At first glance, it might appear that real estate brokers and auction companies are foes rather than friends, competitors rather than allies. But if you dig a little deeper, you’ll see that brokers benefit significantly from selling properties via auction.

“With only a few exceptions, I would choose an auction over a traditional sale process,” says Fariba Kavian, a senior vice president with NAI Capital Inc. in Los Angeles. “Until you have sold a property by auction, you just don’t know how great the process is. Brokers have a fear of being rendered irrelevant. But that’s not the case at all.”

Kavian has sold several properties through auctions, and she says there are many benefits to selling through this channel. However, she fully admits she was skeptical and suspicious at first.

“As a broker, my priority is to obtain the highest possible price for my clients’ property, and I had a misperception that selling via auction would be like a fire sale,” she said, adding that the first property she sold using an auction actually ended up selling for 32% more than she originally expected.

Kavian isn’t the only broker with initial misperceptions of auctions. Other brokers are concerned that auctions will cut into their overall commissions. Or they’re worried that the auction company will steal their clients.

“Those are valid concerns,” says Eric Paulsen, executive vice president and general manager of the commercial real estate division of Auction.com, the leading online real estate marketplace. “But we see brokers as a necessary and valued part of the auction process, and we are vocal with sellers about their need to continue to use brokers and to maintain brokerage commissions.”

Supporting the broker

One of the things Kavian likes best about selling property on Auction.com is the marketing support the company provides to brokers.

Auction.com has its own database of potential buyers, and together, you’re multiplying the exposure for the property,” Kavian says. “Through their marketing process, Auction.com also reaches buyers globally that I may not otherwise have known about or found.”

Paulsen says Auction.com spends hundreds of thousands of dollars to market each auction. “We really have a turbo-charged marketing platform,” he says, “and those potential buyers are funneled directly to the broker. The broker’s name is on all of our marketing materials in the lead position, providing the broker additional branding opportunities.  Our marketing process also benefits smaller brokerage firms who may not have the visibility or market presence of more well-known brokerages, nor the massive marketing budget that we bring to the table.”

The benefits of selling via auction are particularly obvious during the bidder qualification period. “You have to wear a lot of different hats in a traditional sales model, and some of those hats are back-office oriented, and take time away from more revenue-generating opportunities” Kavian says.

Auction.com qualifies bidders, both in terms of their level of interest and their financial capabilities. This reduces the risk for brokers of a deal not closing and allows them to spend more time selling the real estate or in generating new business. In a traditional sales process, brokers end up vetting potential buyers themselves, putting their reputations on the line every time they make a recommendation.

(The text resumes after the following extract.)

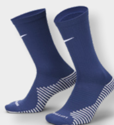
Erw. DH6620-410 FZ8485-410 Midnight Navy / (Weiß)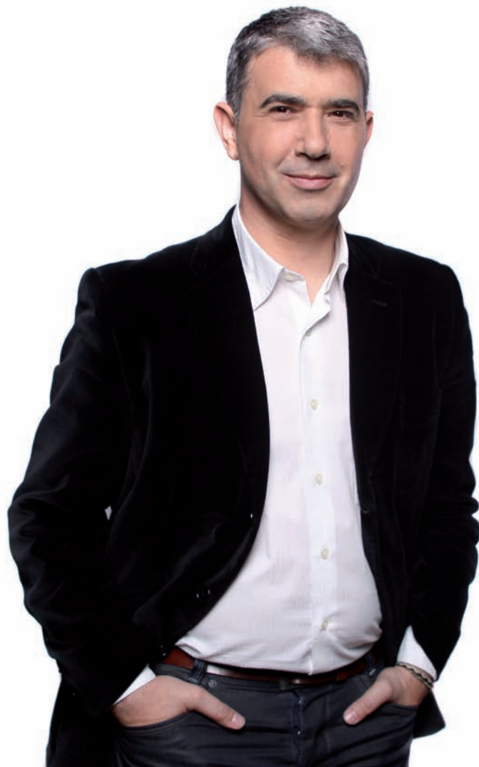
Juan Martín, Portavoz de CHA en el Ayuntamiento de Zaragoza. Candidato a la alcaldía.

“We have a team that follows up with potential bidders who express interest in a property,” Paulsen says. “We see an average of 3,500 web hits per asset, and we can pre-screen potential bidders on the brokers’ behalf. If they don’t have time or the ability to contact every single person, we do it for them. That way, the broker can spend his or her time—as the local market expert—talking about the property to legitimate bidders and answering questions.”

Certainty of close

In a traditional marketing process, it’s not unusual for deals to fall out of contract multiple times before the property sells. “When I was a broker, we used to joke that every deal had to die three times before it closed,” Paulsen says.

The majority of that risk is mitigated with an auction. There’s no guessing whether or not a buyer is committed to closing the deal. Their bidding is proof enough, because before bidders are even allowed to click the mouse, they must place a deposit that becomes non-refundable if they win, and must demonstrate that they have the funds to buy the asset.

According to Paulsen, once there is a winning bidder on an asset, Auction.com closes 90 percent of the time, and once the bidder has signed the PSA and put up their earnest money deposit, that success rate climbs to 98 percent.

Auction.com also shepherds the winning bidder through the purchase and sale agreement, something the broker would have to do in a traditional sales process. “Once the auction is complete, Auction.com takes over and handles the escrow,” Kavian explains. “You don’t have to hound the buyer for anything. It’s fabulous.”

At the end of the day, brokers have a happy seller and a happy buyer. And they also have an opportunity to solicit new business.

“Most of the bidders that show up to auction do not have a brokerage relationship,” Paulsen noted. “The auction exposes the buyer to the broker and gives the broker a chance to sign up a new client. A lot of brokers see auctions as supercharged networking.”

For all of these reasons, auctions are fast becoming a viable channel for selling non-distressed commercial real estate: more than $3.8 billion in commercial property was sold on Auction.com in 2013, with over one-third of the assets brought to auction considered non-distressed.